La obsesión aquí está ligada a la convergencia de estas tres realidades, reunidas en una sola escena. Aunque sea inconscientemente, Bally Bagayoko es oscuro a los ojos de quienes lo miran y están dispuestos a atribuirle las palabras que confirmarán su miedo. No es necesario que las palabras sean precisas. En verdad, ni siquiera es necesario que se haya emitido un solo sonido.

Porque Bally Bagayoko no parece ser “un negro cualquiera”, cuya elección confirmaría que no tenemos ningún problema con los negros en nuestro país. Es el hombre negro que ha conocido a una masa de otros negros (y árabes asociados con ellos aquí) que parecen expresar expectativas que probablemente perturbarán el orden social al cuestionar el racismo y las desigualdades sociales y territoriales que lo impregnan. Finalmente, es el negro que no se posiciona como guardián de poblaciones inquietas y a quien los viejos temores coloniales imaginan como masas cuyos ataques odiosos y devastadores deben temerse. Bally Bagayoko, por el contrario, parece estar en sintonía con las demandas que expresan estas poblaciones.

Silencioso sobre su condición, aislado y privado de poder, un negro sólo suscita un miedo marginal, que no excluye el desprecio. Pero cuando presenta varios de estos tres atributos, se le mira con cierto terror. Por supuesto, ya lo hemos resumido, Bally Bagayoko es muchas cosas en su vida: político, de origen maliense, dionisiano, ex deportista, padre de familia, marido, ejecutivo de una empresa pública. Si tuviera que definirse, sin duda añadiría muchas otras cualidades a esta lista. Pero aquí se le hace referencia a un rasgo, el de ser negro y de manera suficientemente preocupante –pues tiene poder, habla y no es un ser solo– como para que la preocupación encuentre motivo de expresión.

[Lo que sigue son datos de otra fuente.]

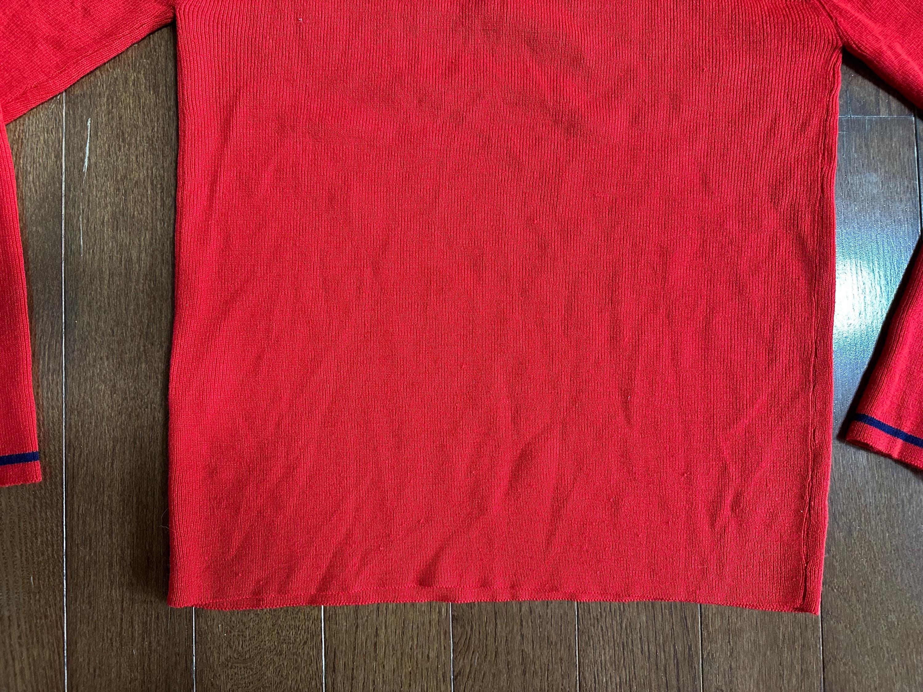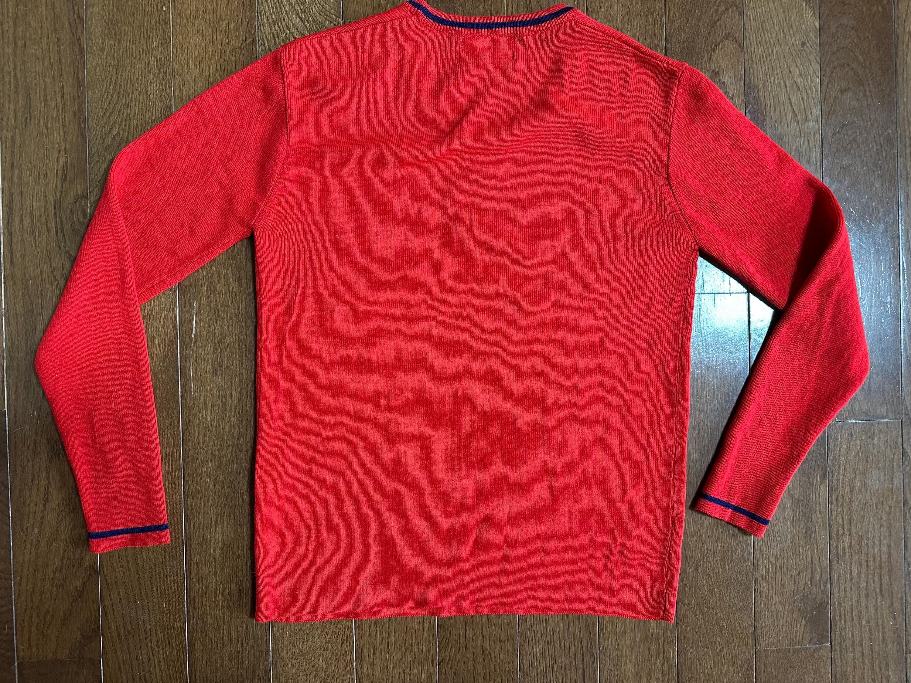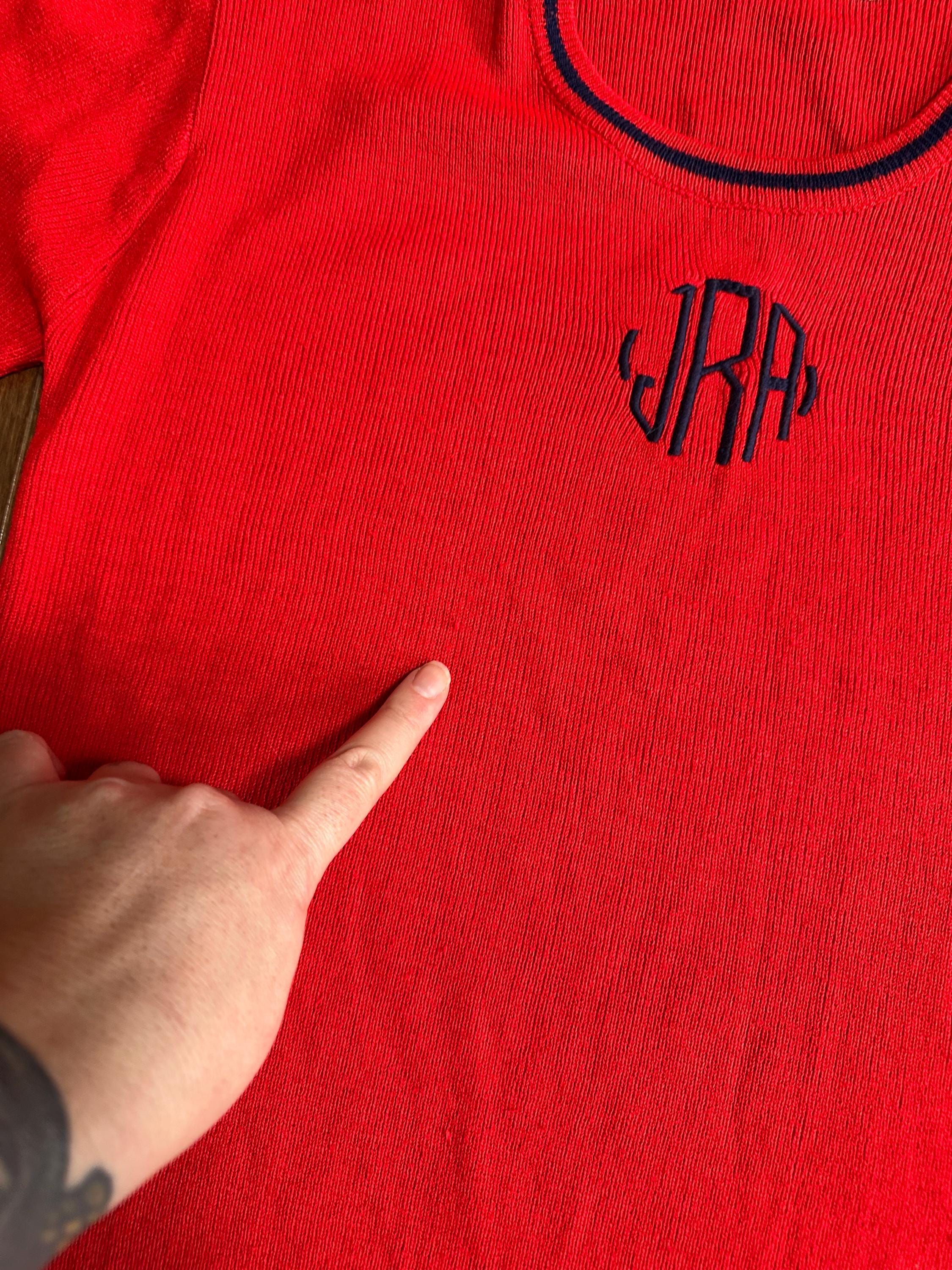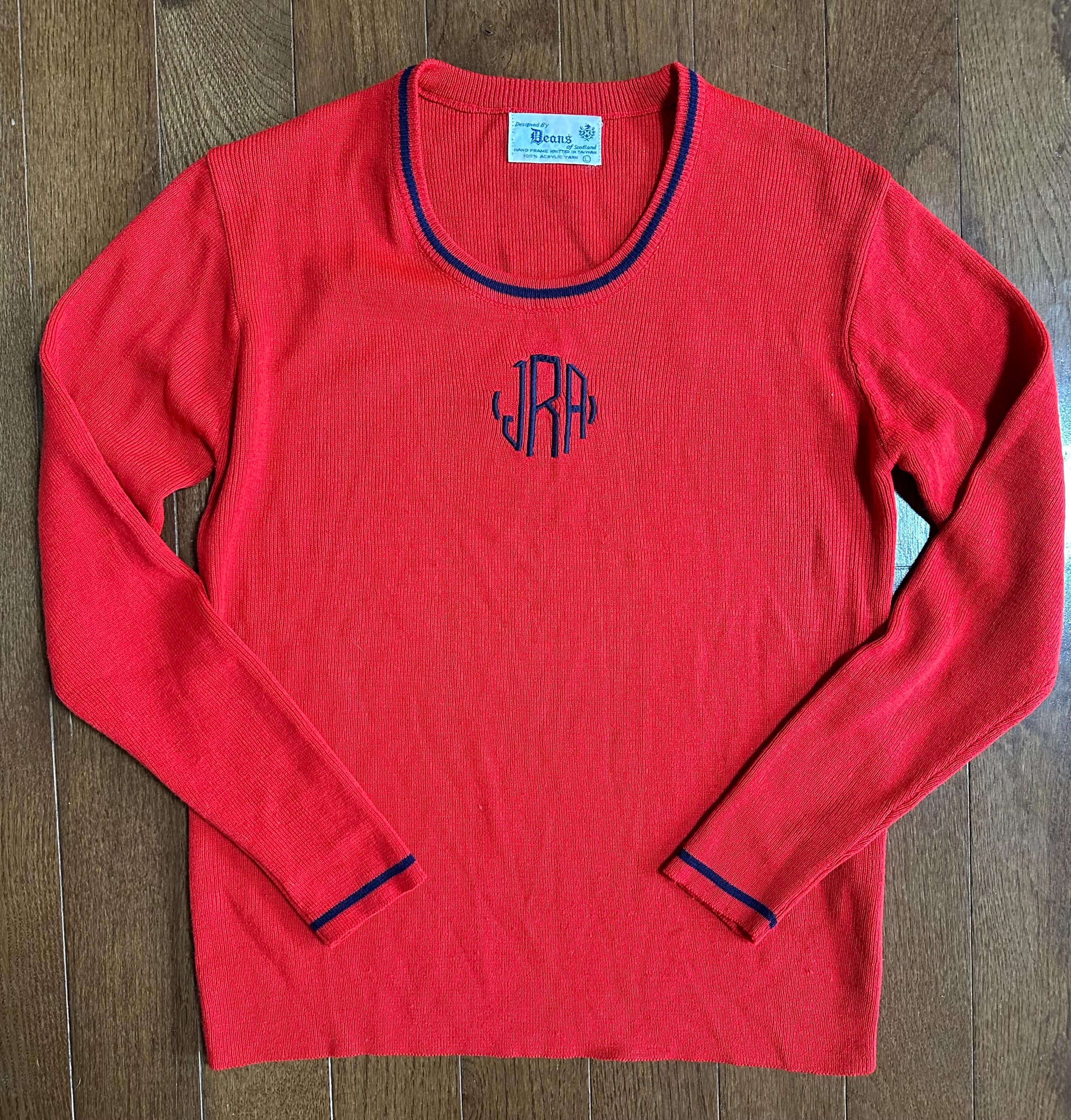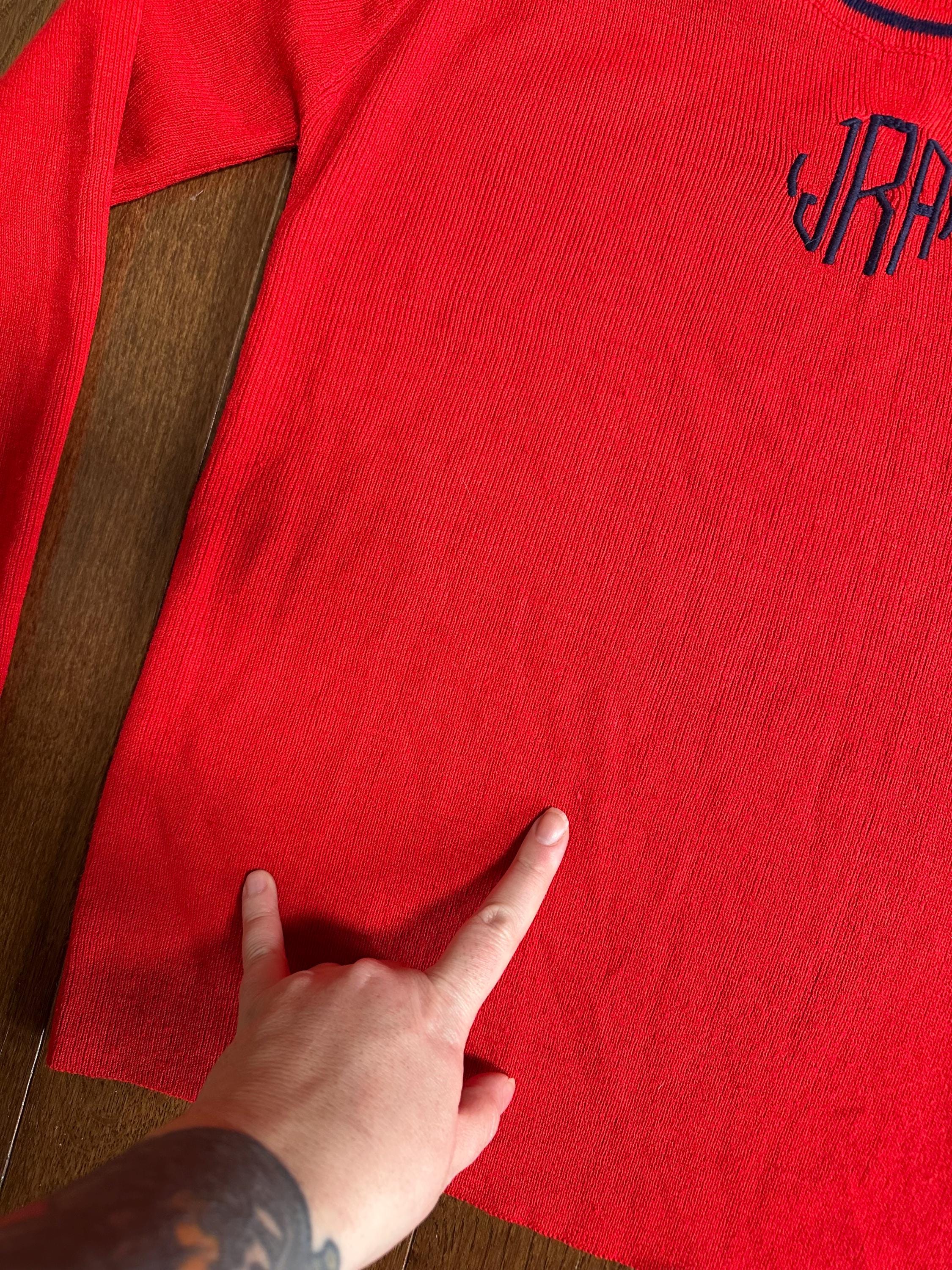 The bright red base is accented by delicate embroidered detailing, including hand-stitched initials “JRA” on the front, giving the sweater a personal, one-of-a-kind history. Monogrammed pieces like this were often gifted or custom-ordered, adding to their nostalgic charm.

La experiencia de reducción y asignación es una experiencia común de mujeres y hombres afectados por el racismo. Ella no es una persona torpe. Es una estrategia cuyos objetivos –el llamado al orden para que la condición de subordinado sea aceptado por dicho subordinado– están sepultados bajo montones de palabras hipócritas, moralidad adulterada y negación repugnante. Esta experiencia es agotadora pero al final constantemente condenados al fracaso porque las mujeres y los hombres siempre encuentran la energía para volver a levantarse.

Esta verdad me hace pensar en estos pocos versos escritos por Aimé Césaire en “Cahiers d’un retour au pays natal”:

Y la chica negra está de pie.
El negro sentado
De pie inesperadamente »

La elección de Bally Bagayoko, sin duda la más emblemática de estas elecciones municipales pero lejos de ser la única, es un símbolo: el de las personas que, “inesperadamente”, permanecer erguidos, en una posición en la que normalmente nos negamos a verlos y, menos aún, a considerarlos.

Esta noticia suena a alegría para algunos y a miedo para otros. ¿Qué te dicen tus oídos?

Este artículo es una columna, escrita por un autor ajeno al periódico y cuyo punto de vista no compromete a la redacción.